--- title: "Post hoc tests" output: html_document: code_folding: hide css: http://www.bradthiessen.com/batlab3.css df_print: tibble fig_height: 3.9 fig_width: 6.3 highlight: pygments theme: spacelab toc: yes toc_float: yes html_notebook: code_folding: hide css: http://www.bradthiessen.com/batlab3.css fig_height: 3.9 fig_width: 6.3 highlight: pygments theme: spacelab toc: yes --- ```{r 'global options', echo=FALSE, message=FALSE, results='hide'} knitr::opts_chunk$set( comment = "# ", collapse = TRUE, fig.height = 3.9, fig.width = 6.3 ) ``` ```{r 'prereqs', message=FALSE} # Load the tidyverse and mosaic packages library(tidyverse) library(mosaic) ``` ***** # Scenario: Job interviews What affect does a disability have on perceived job interview performance? ![](jobinterview.png)
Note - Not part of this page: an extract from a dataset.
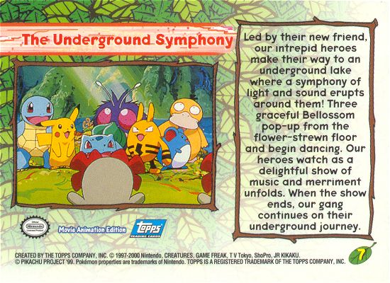 Led by their new friend, our intrepid heroes make their way to an underground lake where a symphony of light and sound erupts around them! Three graceful Bellossom pop-up from the flower-strewn floor and begin dancing. Our heroes watch as a delightful show of music and merriment unfolds. When the show ends, our gang continues on their underground journey.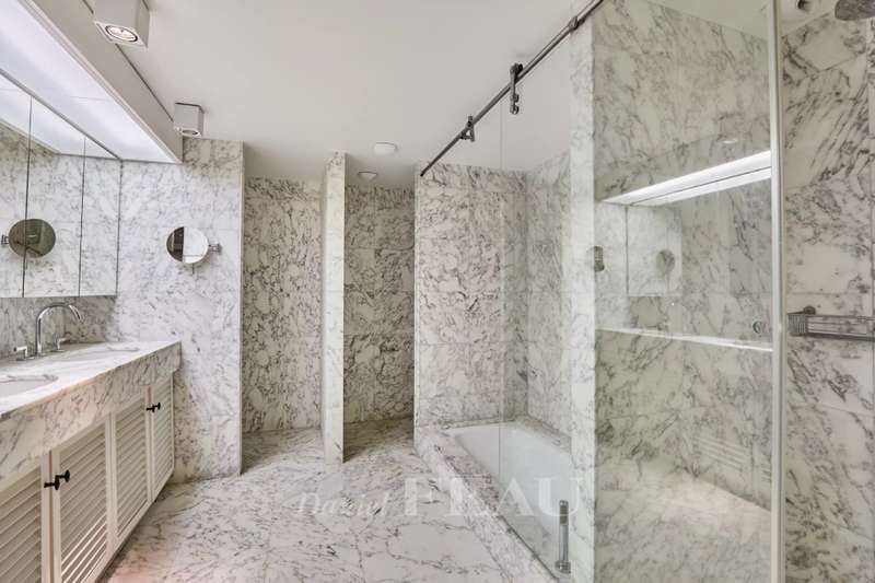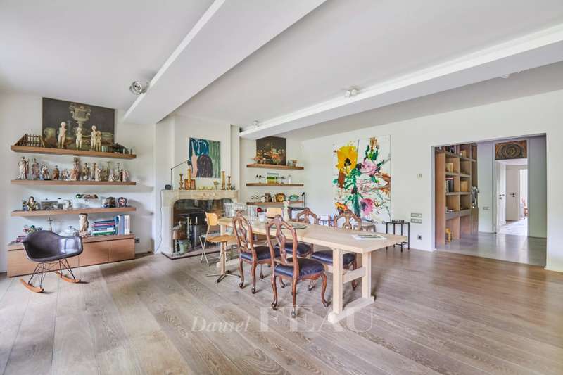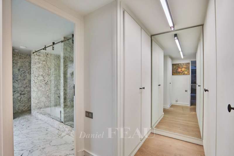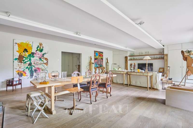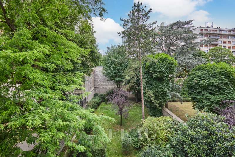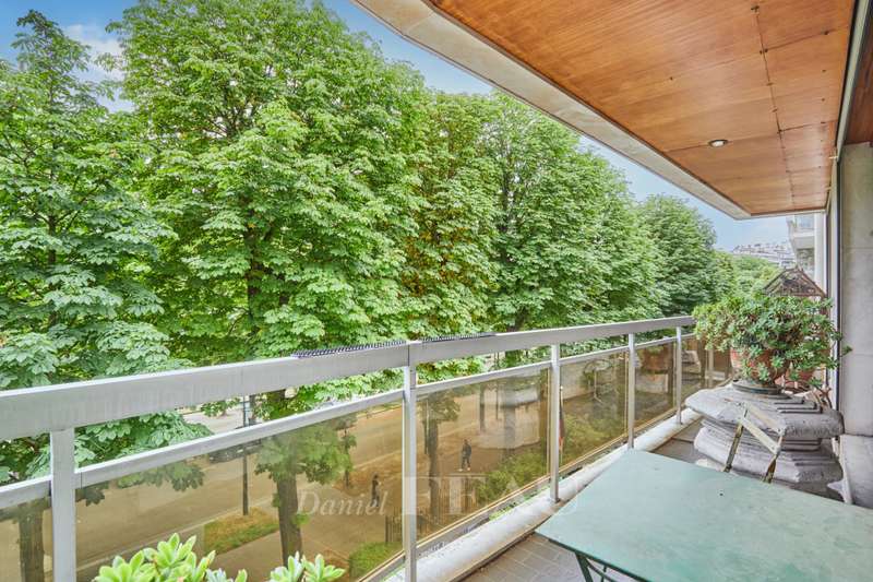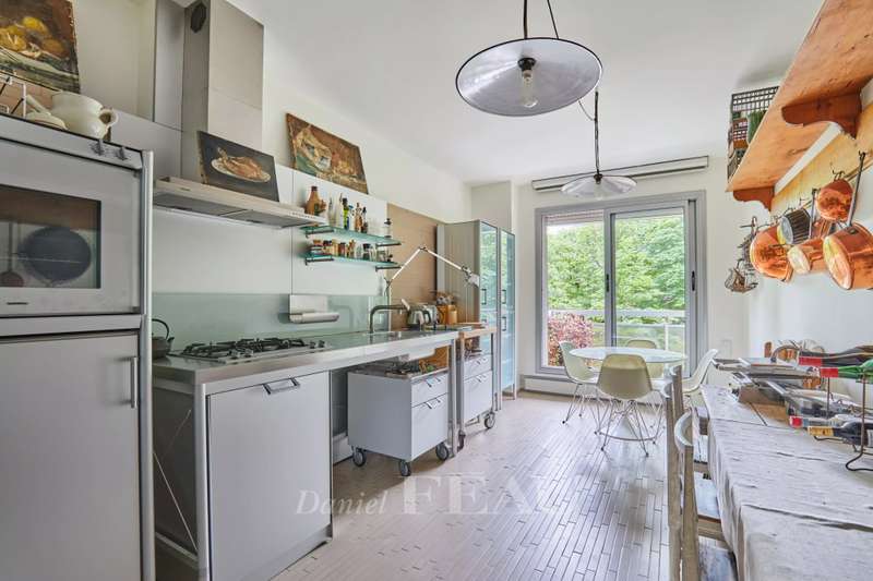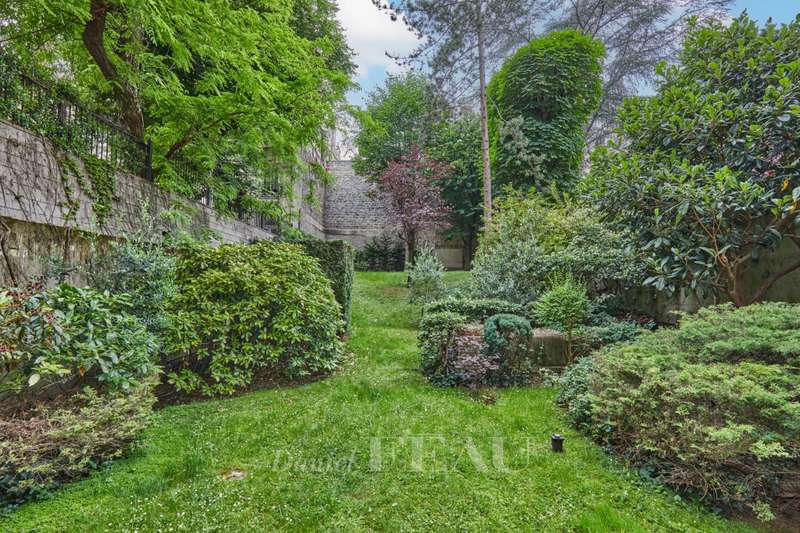 Avenue Raphael/Ranelagh Gardens. This bright and peaceful 215 sqm apartment on the 3rd floor of a luxurious relatively recent building is in very good condition. It includes an entrance hall, a spacious living/reception room opening onto a 14 sqm balcony, a dining room and kitchen overlooking Ranelagh Gardens and enjoying a view of the Eiffel Tower, three bedrooms overlooking a peaceful garden, two bathrooms with a wc, a dressing room, a utility room and a separate wc. With a 14 sqm staff bedroom in the apartment and a cellar. Two lock-up garages (one single, one double) may be acquired at extra cost.

Two male actors recorded five videos of a job interview. Each video followed the same script (to show an applicant of average qualifications). The videos only differed in how the applicant was portrayed: - **Wheelchair** video (the applicant appeared in a wheelchair) - **Crutches** video (the applicant used [canadian crutches](http://dmelibrary.com/what-are-canadian-crutches/)) - **Hearing impaired** video - **Amputee** video (the applicant appeared to have one leg amputated) - **No disability** video
[70 undergraduates](http://www.tandfonline.com/doi/pdf/10.1207/s15327043hup0303_2) were randomly split into five groups of `n=14`, with each group viewing one video. The students were asked to complete a 10-item *Applicant Qualification Scale* to assess the applicant's job qualifications. Each item was scored on a 9-point scale and the overall average rating was recorded from each student. Suppose we're interested in two questions: - Q1: Are disabilities associated with higher or lower qualifications scores? - Q2: Are permanent disabilities (amputee, hearing, wheelchair) associated with lower scores than temporary disabilities (crutches)?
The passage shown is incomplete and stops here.